Updated on January 12th, 2021
Since the publication of this report, multiple vaccines have gained approval and the largest-ever global vaccination campaign is rolling out, with nearly 30 million vaccine doses administered to people in over 40 countries. However, this hasn’t stopped dark net vendors from touting fake offers of vaccines. In fact, the opposite has happened: the numbers of vaccine advertisements has exploded and the asking prices have doubled or even quadrupled. We believe this is because of a spike in demand from individuals who don’t wish to wait weeks or months to receive their vaccination from their countries’ governments.
In the past month, we noticed that a dark net search for Covid-19 vaccines returns multiple pages of results, amounting to hundreds of advertisements, presenting an overall 400%-plus increase since early December. The screenshot below shows a simple search query that returned over 340 advertisements, in 34 pages, compared to just 8 pages of results from a similar query we ran early December.
The prices of vaccines have also risen sharply. In our previous report we saw an average median price tag of $250. Now our research shows vendors have now doubled or even quadrupled their prices, asking $500 or even up to $1000 for an unspecified dose.
The range of vaccine brands has also changed. Before approved vaccines started to be distributed globally, we saw sellers offering ‘made in China’ vaccines, which were unbranded and not FDA approved. Since the distribution of FDA-approved brands globally, most sellers are now advertising selling these as named brands, or simply not specifying the vaccine’s brand.
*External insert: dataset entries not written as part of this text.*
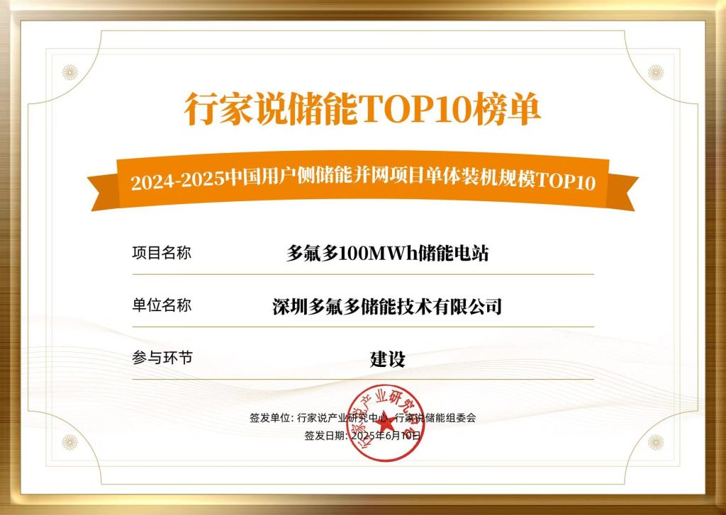 近日,由行家说储能组委会主办的“2024-2025中国用户侧储能项目评选”结果正式揭晓。由多氟多储能承建的100MWh储能电站项目成功入选“中国用户侧储能项目单体装机规模TOP10”榜单!这一荣誉不仅是对多氟多在储能领域技术实力与创新能力的认可,更是对我们在推动绿色能源发展中所作贡献的高度肯定。
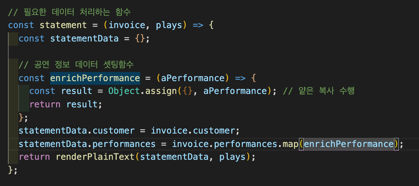 얕은 복사를 수행하여 연극 정보를 담을 객체를 만들었으니, 연극 정보에 대한 데이터를 담아야합니다. 먼저 연극 제목을 담겠습니다. 이를 위해 "함수 옮기기"를 적용하여 playFor() 함수를 statement()로 옮깁니다.
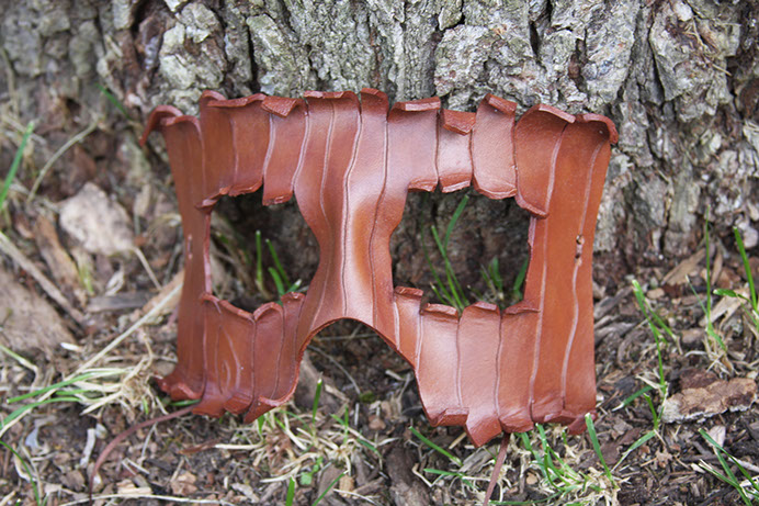 A mask resembling the peeling bark of an ancient tree! Hand-shaped from leather and painted with acrylics. This mask always turns out a bit unique, since the carving and peeling is never exactly the same from mask to mask. Comes laced with brown ribbons.
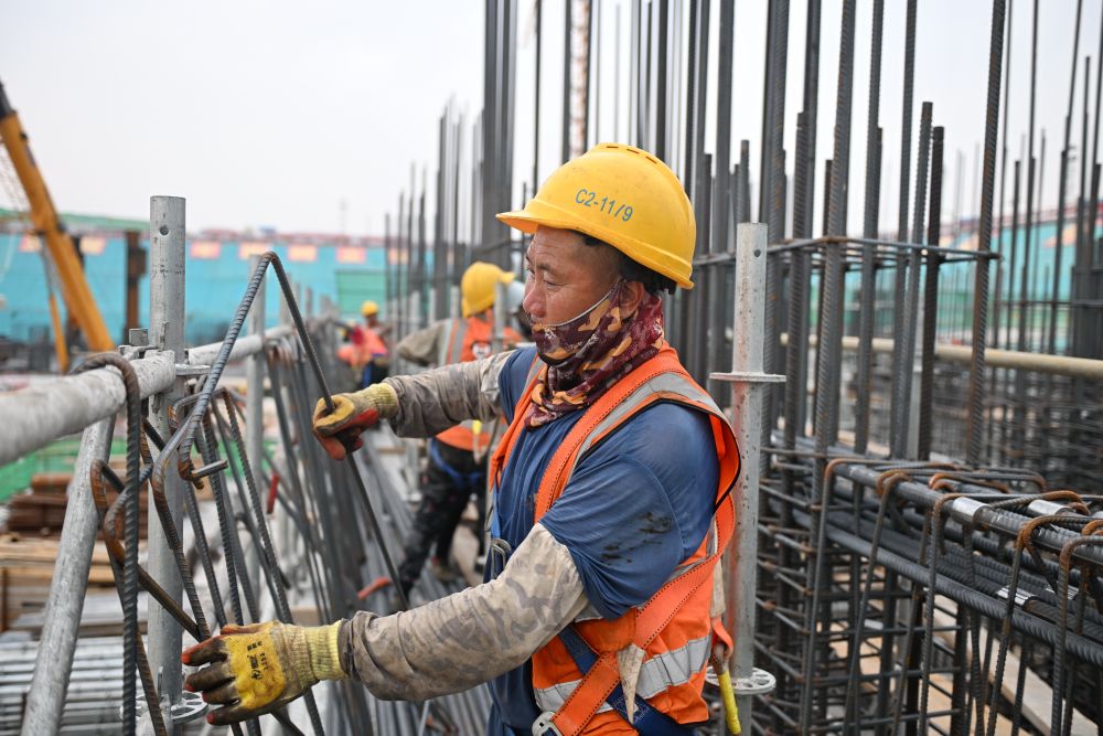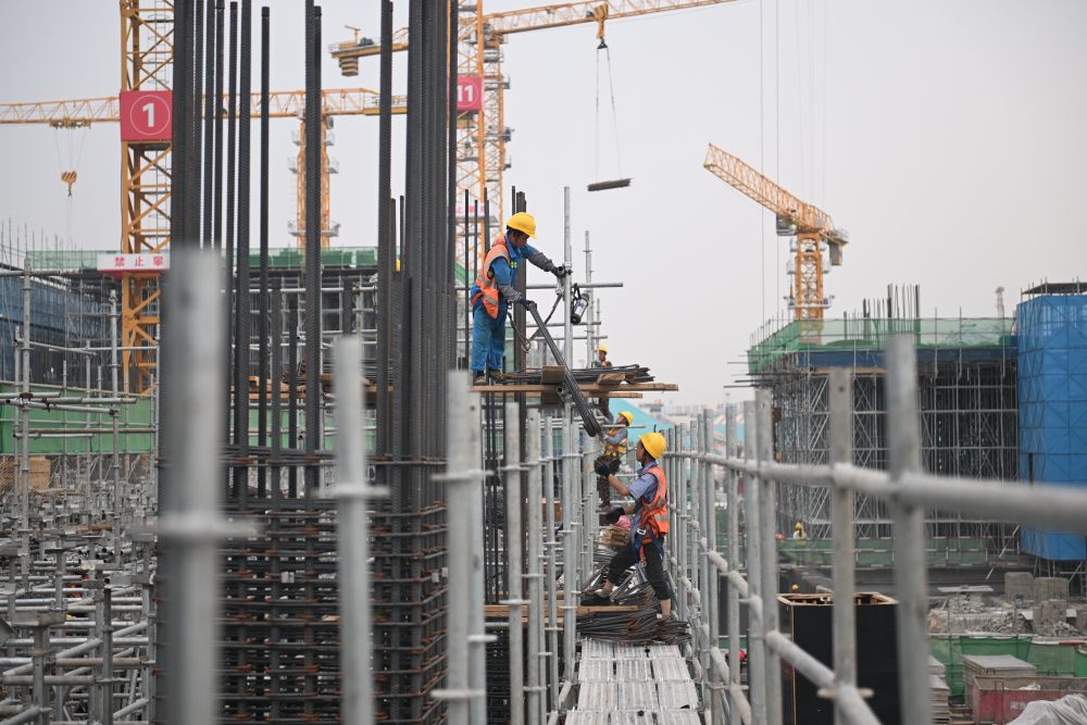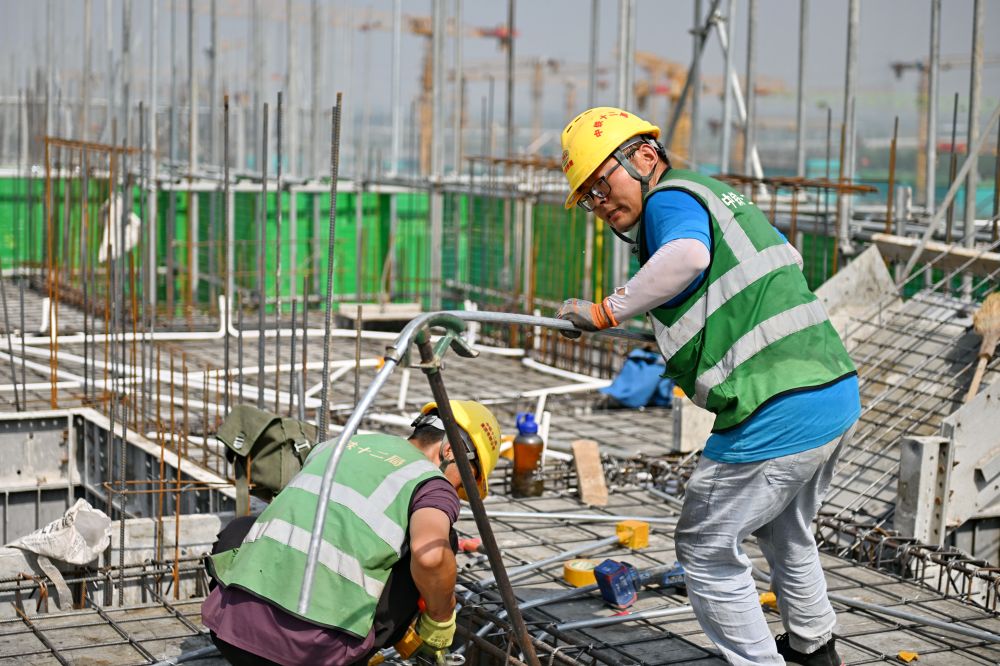 6月13日,在雄安新区启动区,中国建筑股份有限公司工人在雄忻高铁雄安地下段及相关配套工程四标段建设现场作业。新华社记者牟宇 摄

To test how trustworthy a dark net transaction is, our researchers placed an order for a vaccine dose from a vendor, using Telegram for the interaction. We got the vendor’s contact details and phone number via a dark net forum and contacted them via their Telegram user name. We were offered a Chinese vaccine – with the price tag of $750. We made the payment using Bitcoin, sent our delivery address and asked for the shipment details. After a few days with no response, we received a message from the vendor saying the vaccine had been shipped to our address. A few days later, the vendor’s account was deleted and – you guessed it – we are still waiting to receive our package. This is just one example, but you can perhaps draw your own conclusions about how reliable a dark net transaction is likely to be.
We also noticed that several vendors claim to supply vaccine doses in bulk, not just single shots. One of the vendors we communicated with claimed to be able to sell an order totaling in 10,000 vials, enough for 5000 people (every vaccine needs to be delivered in two doses, 21 days apart). Due to the size of the shipment the vendor suggested shipping it in 3 – 4 different shipments, at a total price of $30,000. Based on our experience of attempting to purchase a single dose, it is likely that a buyer would never receive anything at all, let alone genuine approved vaccines.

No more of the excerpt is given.